Dr Calkins and his team identified four criteria to help determine which patients were most in need of a defibrillator. Patients whose devices produced shocks or rapid pacing to stop abnormal rhythms generally met two or more of the criteria thought to put them at higher risk.

They found that there was an incremental and additive risk to these patients the more criteria they met. So if a patient was found to match only one of the four criteria, that person was at lower risk. A patient who was positive on all four criteria was at highest risk.

One of those criteria was whether a sustained irregular heart rhythm could be induced by a procedure in the electrophysiology lab.

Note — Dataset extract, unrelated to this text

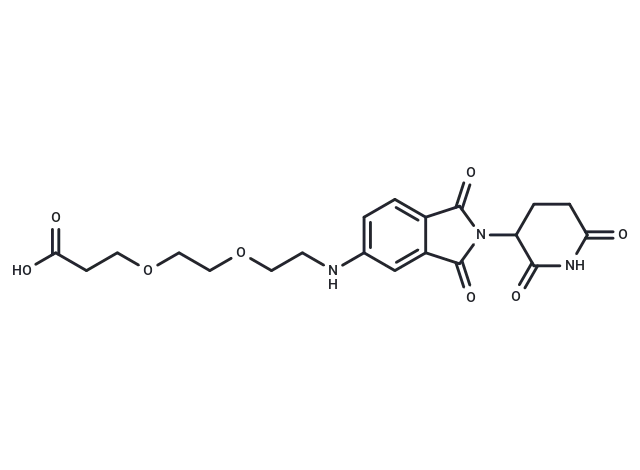 – Thalidomide-NH-PEG2-COOH is a conjugate synthesized as an E3 ligase ligand-linker, incorporating the cereblon ligand from Thalidomide and a linker commonly used in [PROTAC] technology.

Two of the other criteria related to findings on a Holter monitor that patients wear for 24 hours to monitor their hearts’ electrical activity. The fourth characteristic that was found to have a higher value in predicting risk was whether the patient was the first in the family to be diagnosed with ARVC.

Researchers said their goal was to provide a good template for physicians to assess a patient's risk.  The study represented an important step in understanding the factors that predict which patients are at highest risk of sudden death and the need for an implanted defibrillator.

Details of the study were published in the Journal of the American College of Cardiology.